CONSAN (Concurrency Sanitizer) & Debug

Buffer-region analysis, aliasing support, false-positive deadlock fix, overflow-check disable, compile-time optimization, reduced coverage configurations, TMEM allocation handling, and removal of TMEM size verification (#8837, #8939, #9046, #8940, #9240, #9294, #8787, #8782)
Debug Info: Fixed missing kernel arguments in LLVM debug info; fixed address-sanitizer stack-use-after-scope (#9002, #9088)

AMD/HIP Backend

3.7 is heavy on gfx1250 (RDNA4) maturation, warp specialization on AMD, Tensor Data Movement (TDM), and a new warp-pipeline path.

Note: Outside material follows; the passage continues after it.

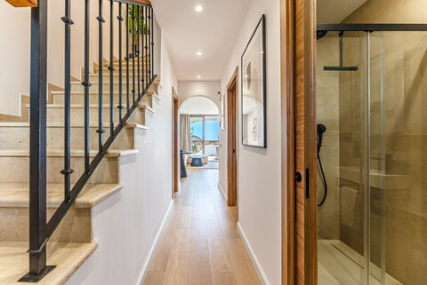 Refurbished Spanish Townhouse with Panoramic Views | Los Arqueros, Benahavis This beautifully refurbished Spanish townhouse blends timeless charm with sleek modern design. The interiors have been thoughtfully reimagined to create an open plan kitchen and living area, enhanced by floor-to-ceiling glass doors that connect seamlessly to the terraces and outdoor spaces. With a south-facing orientation, the home is filled with natural light throughout the day. From the terraces, breathtaking views stretch across the Marbella and Estepona coastline towards Gibraltar, framed by dramatic mountain scenery. The surrounding land is protected, guaranteeing uninterrupted sea and mountain vistas for years to come. Ideally located within walking distance of Los Arqueros Golf, residents also enjoy easy access to local amenities including a bowling alley, restaurant and gym. The property offers 110 m2 of interior living space, complemented by 33 m2 of terraces designed for outdoor living and a 28 m2 garage with storage. A rare opportunity to secure a stylish modern home with classic Spanish character in a privileged setting.

Warp Specialization & Warp Pipelining on AMD

Warp-Pipeline Support: New AMD warp-pipeline path with Gluon and LLVM lowering (#8586, #8975, #8980)
Warp Specialization on gfx1250 (#8947, #8968)
Warp-Pipeline Fixes: Priority hints and Gluon fixes for the new pipeline (#9301)
ttg.warp_id and AMD Conversions (#8659)

gfx1250 / RDNA4 Maturation

Mixed-Precision Scaled Dot: Enabled mixed-precision (scaled) dot in Triton on gfx1250 (#8938)
4-Warp / 8-Warp MXFP GEMM: 4-warp scheduling and 8-warp pingpong + MXGEMM refactor (#9031, #9356)
Persistent WS f16 GEMM: Persistent variant and persistent subtiled variant for WS f16 GEMM (#8990, #9052)
F16 GEMM Examples Updates: Updated MXFP FA example and f16 GEMM examples (#9326, #8972)
Buffer Atomics for RDNA4: Enabled buffer atomics on RDNA4 (#8778)
v_permlane16_swap: Enabled for convert_layout and reduceOp on GFX1250 (#8724)
Extended FP Conversion: Including RTZ rounding fixes for GFX1250 (#8821, #8965)
libdevice for ROCm 7.1: Updated libdevice bitcode files (#8807)
Cluster Loads / Multi-CTA: Multi-CTA GEMM example for gfx1250, multi-CTA support for AMDWmmaEncodingAttr, scalar-pointer cluster-load avoidance (#9342, #9340, #9129)
Gluon AMDWMMALayout Rank Consistency (#9127)
WMMA Database Additions: Added i8xi8xi32 v3, missing f64.16x16x4.f64, and clamp operand on WMMA int intrinsic (#9267, #9271, #9291, #9359)
Wavefront Scheduling: Fixed waitcnt for gfx1250 (#8835)
Gluon Stream-K: 4- and 8-warp stream-k Gluon kernels for gfx1250 (#9370)
Roll-up Updates: Bundled small gfx1250 fixes (#9365)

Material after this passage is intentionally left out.